Gelatin-cleaved fluorescence was quantified in organotypic hippocampal slices after exposure to normoxia or OGD in media containing vehicle, AG3340, or minocycline. Slices treated with vehicle alone showed a significant increase in fluorescent signal after exposure to OGD relative to normoxic controls (p<0.01). Gelatinase activity was significantly reduced in slices exposed to OGD and treated with either AG3340 (p<0.01) or minocycline (p<0.05) relative to those treated with vehicle alone. N = 6. * indicates significant from normoxia; # indicates significant from OGD + vehicle.

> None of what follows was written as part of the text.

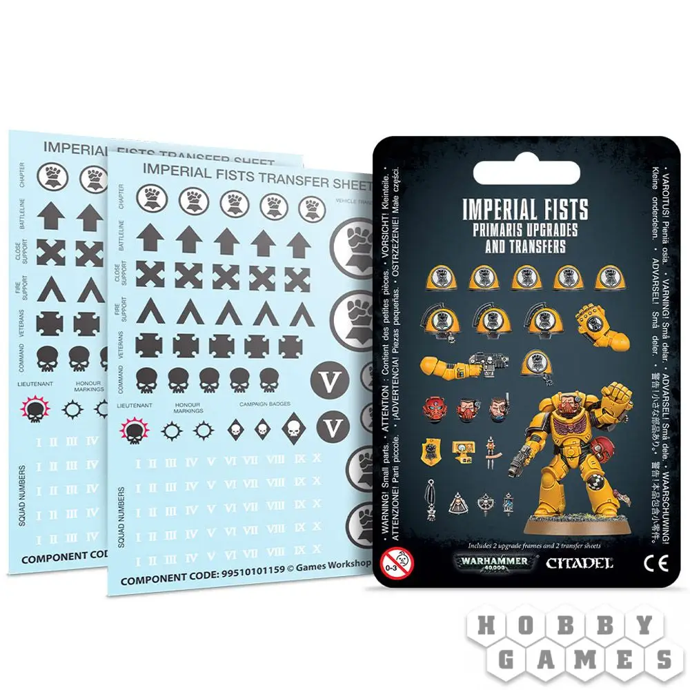 Собираете орден Имперских Кулаков (Imperial Fists) и, верите, что любую проблему можно решить с помощью фортификаций? Тогда этот набор улучшений и переводных декалей создан для ваших космических десантников! Этот набор можно использовать для улучшений различных отрядов Космического Десанта (Space Marines) с помощью аксессуаров и геральдики, свойственной ордену Имперских Кулаков.
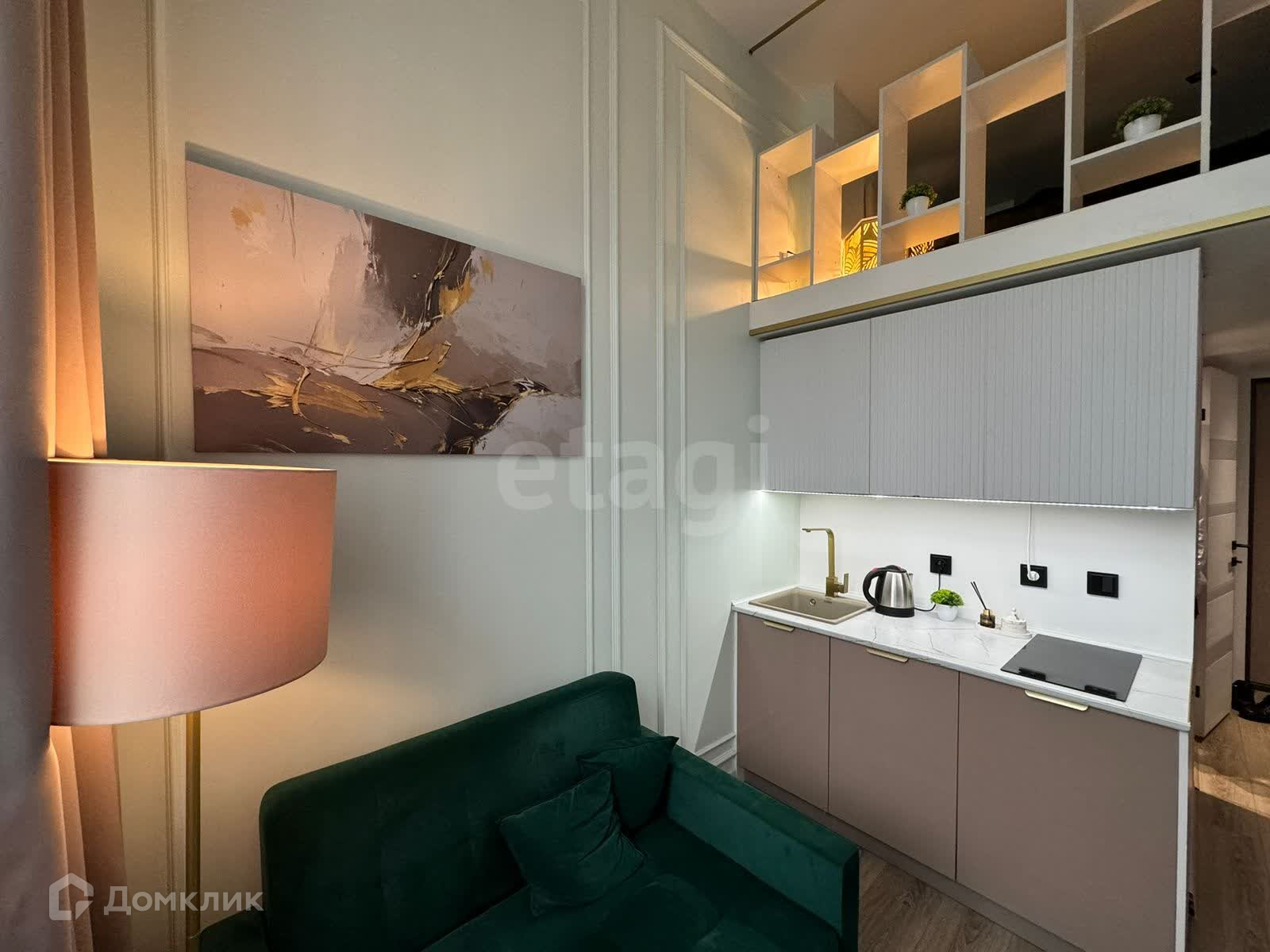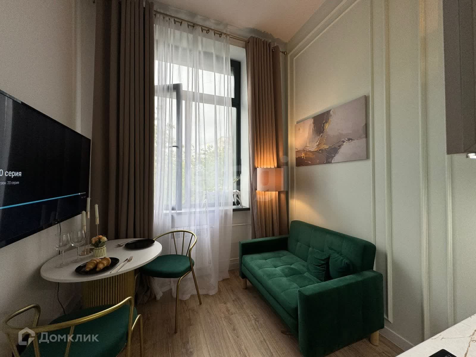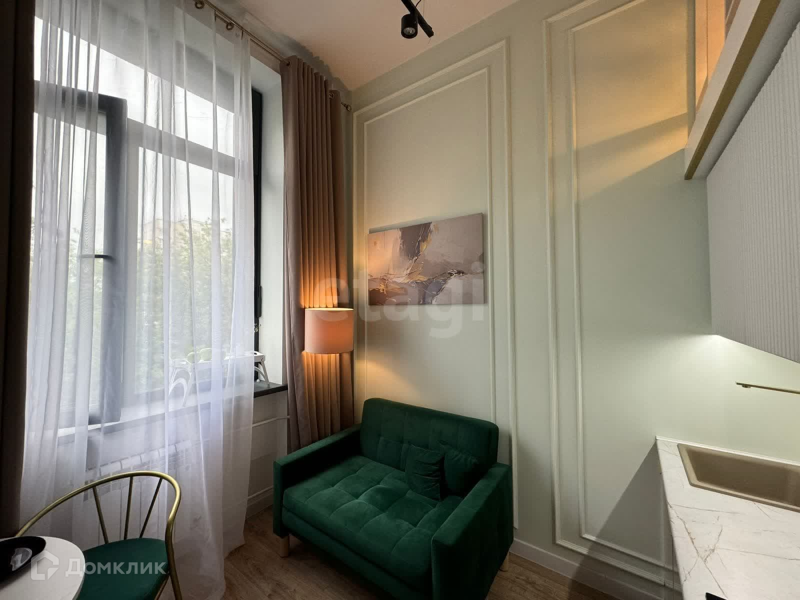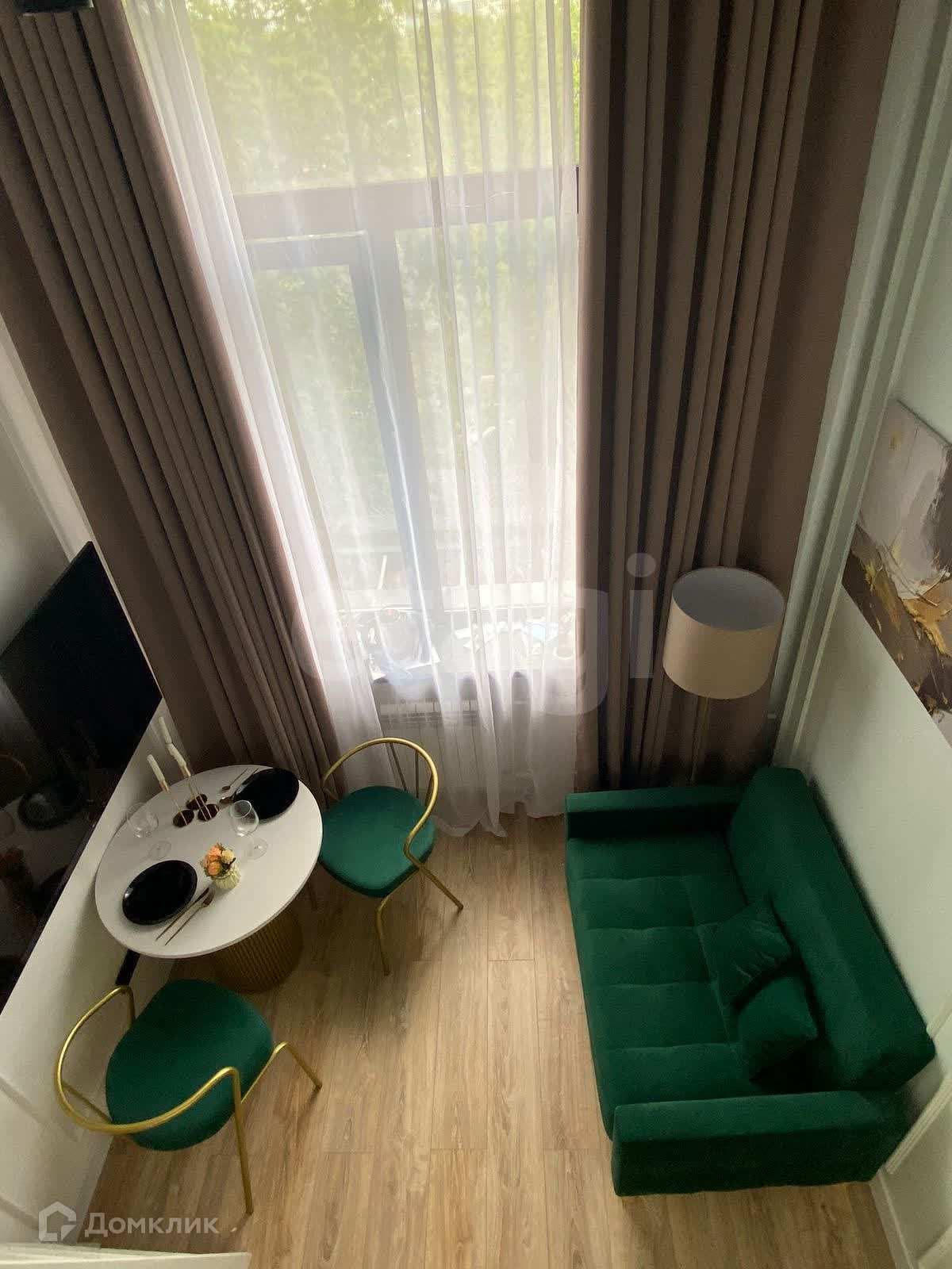 Студия продаётся со всей мебелью и техникой, а так же со всеми элементами декора.

Figure 7. Treatment with AG3340 or minocycline reduces neural injury

Organotypic hippocampal slices exposed to normoxia or OGD in media containing vehicle, AG3340, or minocycline were stained with Fluoro-Jade. Basal Fluoro-Jade staining was detected in slices exposed to normoxia after all treatments (A-C). Staining was markedly elevated in slices exposed to OGD and treated with vehicle alone (D) compared to normoxic controls (A), and this effect was attenuated in slices exposed to OGD and treated with either AG3340 (E) or minocycline (F) (scale bars = 100 μm). Quantification (G) showed a significant increase in slices exposed to OGD and treated with vehicle alone relative to normoxic controls (p<0.001). Treatment with either AG3340 or minocycline attenuated the OGD – induced increase in Fluoro-Jade stain (p<0.001), and minocycline reduced staining to normoxic control levels. N = 6. * indicates significant from normoxia; # indicates significant from OGD + vehicle.